### ASSIGNMENT:
Keep the pictures out and restate every record exactly.
+ + + + + + +
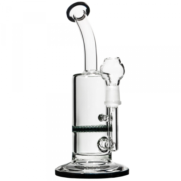 Наш герой - это не просто бонг, это настоящий гурман среди бонгов, оснащенный перколятором, который не только охлаждает дым, но и фильтрует его с умом, достойным самого эрудированного профессора. Представьте себе: каждый вдох через этот бонг - это как шаг по стеклянному мосту над водопадом чистоты и прохлады.
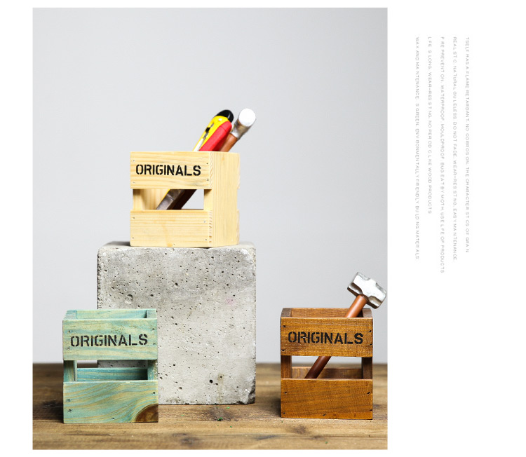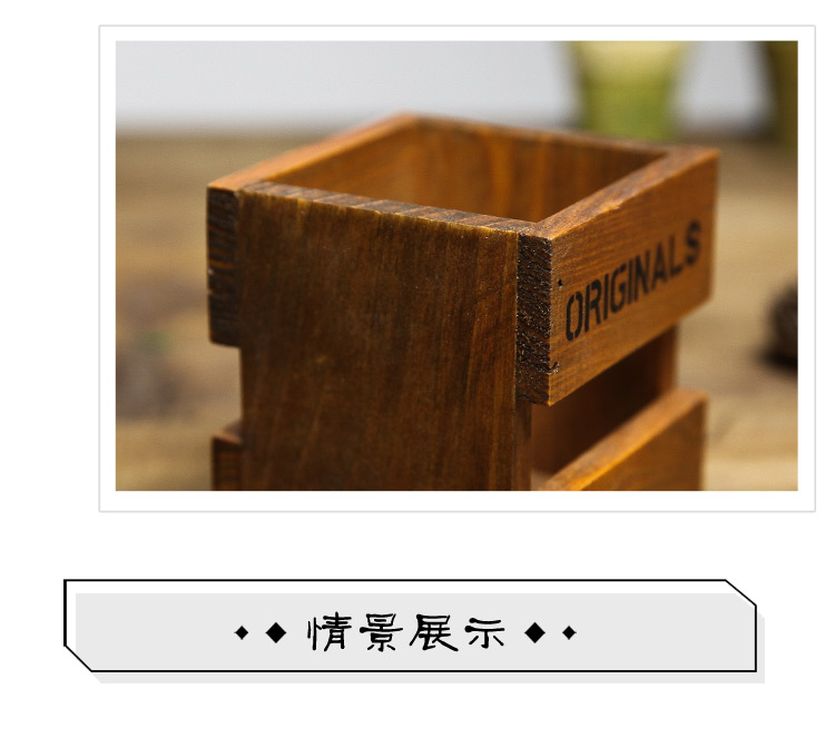 一格筆筒舊木色桌面木質收納盒 復古正方形木盒子擺件 多肉花盆雜物裝飾拼儲物盒
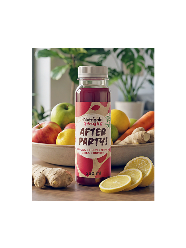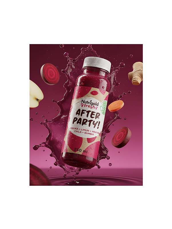 After Party ist kein gewöhnliches Getränk, sondern der ideale Partner für gute Laune. Stellen Sie sich vor, Sie sind mitten in einem anstrengenden Tag - ein Schluck und Sie sind sofort in Schwung. Bevor Sie zur Flasche greifen, schütteln Sie sie einfach – wie nach einem Nickerchen - und schon durchströmt eine Welle der Frische Ihren Körper. Kaltgepresst bedeutet, dass alle Aromen erhalten bleiben und das Obst und Gemüse so frisch schmeckt, als hätte man es gerade vom Baum oder aus dem Garten gepflückt.
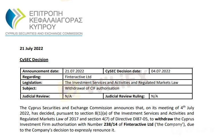 The Cyprus Securities and Exchange Commission (CySEC) announced Thursday that the regulator decided to revoke the Cyprus Investment Firm (CIF) authorization of Finteractive Ltd. because the company chose to abandon its Cyprus license. The company operates under the trading brand FXVC.
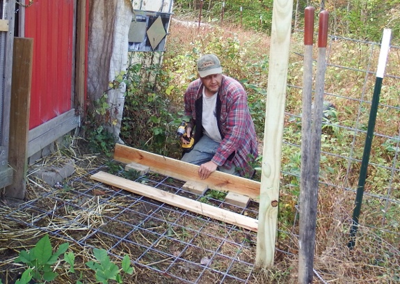 When i had hogs i would weld angle iron, small stu#, one half or three quarter inch around the welded wire panels, if you would buy and cut the angle iron it only takes minutes to weld up. Uses half inch pipe chunks welded to that for the hinges. Drop a rod down through two of them pieces of pipe and you had a gate.
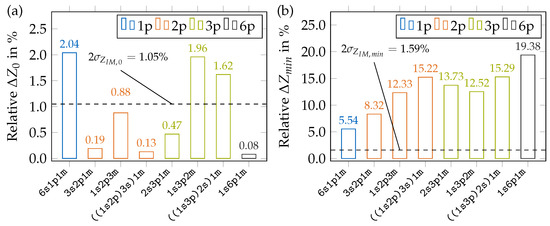 Figure 5 illustrates the relative deviations and of the total setup voltage between reference measurement and fault measurement for all interconnection topologies investigated, along with the determined confidence interval. The 6s1p1m topology exhibited the largest relative deviation with 2.04%, while the topologies 1s3p2m and ((1s3p)2s)1m also reveal significant relative deviations with 1.96% (1s3p2m) and 1.62% (((1s3p)2s)1m), respectively (Figure 5a). Based on the measurement results, the pure serial connection 6s1p1m is usable for fault detection via , with 2p and 3p topologies only conditionally. The serial modules (1s2p3m and 1s3p2m, respectively) show the largest relative deviation in both supergroups. The assessment of of the pure parallel connection 1s6p1m does not seem to be suitable for error detection in this fault case.
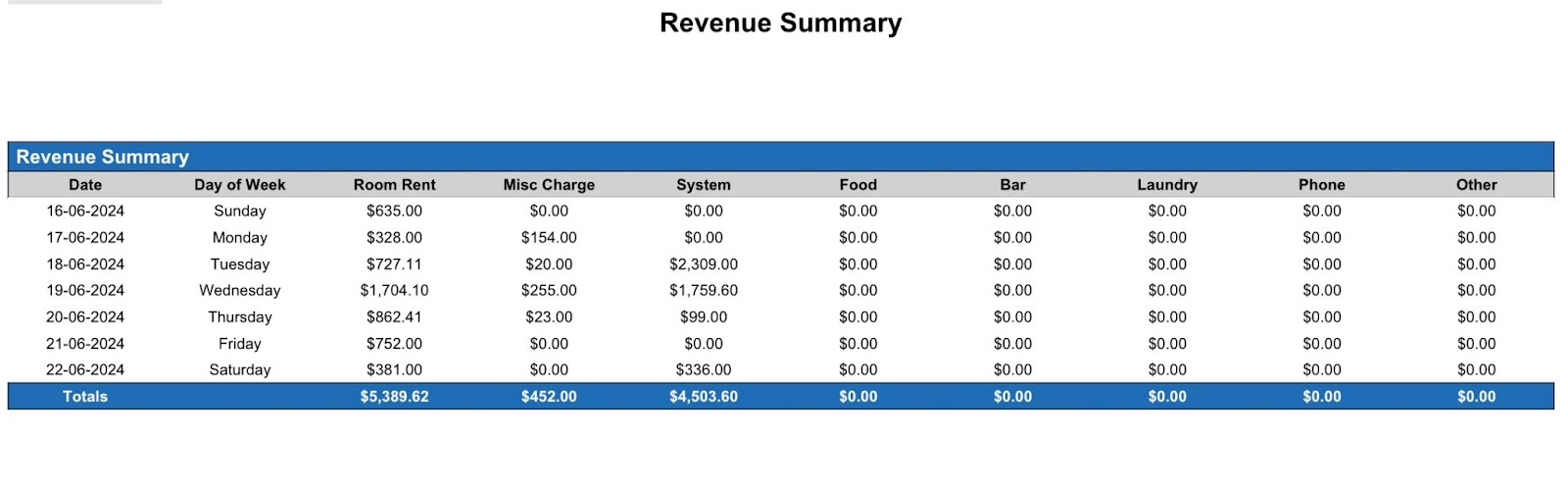Report Description: The Revenue Summary report offers property managers a comprehensive overview of total revenues generated across various revenue streams and outlets for specific dates, aiding in the assessment of overall financial performance.
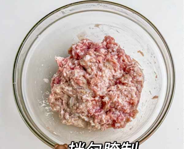 2:猪肉放在容器里,分别加上半勺生抽,一小勺蚝油,加上食盐和鸡精半勺,加上一些马蹄(马蹄去皮剁碎成细末),加上一个蛋清和少许红薯淀粉,加上一些葱姜水,用筷子搅拌均匀,用手抓拌均匀,腌制一会儿。
+ + + + + + +
### EXPECTED OUTPUT:
 Наш герой - это не просто бонг, это настоящий гурман среди бонгов, оснащенный перколятором, который не только охлаждает дым, но и фильтрует его с умом, достойным самого эрудированного профессора. Представьте себе: каждый вдох через этот бонг - это как шаг по стеклянному мосту над водопадом чистоты и прохлады.
 一格筆筒舊木色桌面木質收納盒 復古正方形木盒子擺件 多肉花盆雜物裝飾拼儲物盒
 After Party ist kein gewöhnliches Getränk, sondern der ideale Partner für gute Laune. Stellen Sie sich vor, Sie sind mitten in einem anstrengenden Tag - ein Schluck und Sie sind sofort in Schwung. Bevor Sie zur Flasche greifen, schütteln Sie sie einfach – wie nach einem Nickerchen - und schon durchströmt eine Welle der Frische Ihren Körper. Kaltgepresst bedeutet, dass alle Aromen erhalten bleiben und das Obst und Gemüse so frisch schmeckt, als hätte man es gerade vom Baum oder aus dem Garten gepflückt.
 The Cyprus Securities and Exchange Commission (CySEC) announced Thursday that the regulator decided to revoke the Cyprus Investment Firm (CIF) authorization of Finteractive Ltd. because the company chose to abandon its Cyprus license. The company operates under the trading brand FXVC.
 When i had hogs i would weld angle iron, small stu#, one half or three quarter inch around the welded wire panels, if you would buy and cut the angle iron it only takes minutes to weld up. Uses half inch pipe chunks welded to that for the hinges. Drop a rod down through two of them pieces of pipe and you had a gate.
 Figure 5 illustrates the relative deviations and of the total setup voltage between reference measurement and fault measurement for all interconnection topologies investigated, along with the determined confidence interval. The 6s1p1m topology exhibited the largest relative deviation with 2.04%, while the topologies 1s3p2m and ((1s3p)2s)1m also reveal significant relative deviations with 1.96% (1s3p2m) and 1.62% (((1s3p)2s)1m), respectively (Figure 5a). Based on the measurement results, the pure serial connection 6s1p1m is usable for fault detection via , with 2p and 3p topologies only conditionally. The serial modules (1s2p3m and 1s3p2m, respectively) show the largest relative deviation in both supergroups. The assessment of of the pure parallel connection 1s6p1m does not seem to be suitable for error detection in this fault case.
Report Description: The Revenue Summary report offers property managers a comprehensive overview of total revenues generated across various revenue streams and outlets for specific dates, aiding in the assessment of overall financial performance.
 2:猪肉放在容器里,分别加上半勺生抽,一小勺蚝油,加上食盐和鸡精半勺,加上一些马蹄(马蹄去皮剁碎成细末),加上一个蛋清和少许红薯淀粉,加上一些葱姜水,用筷子搅拌均匀,用手抓拌均匀,腌制一会儿。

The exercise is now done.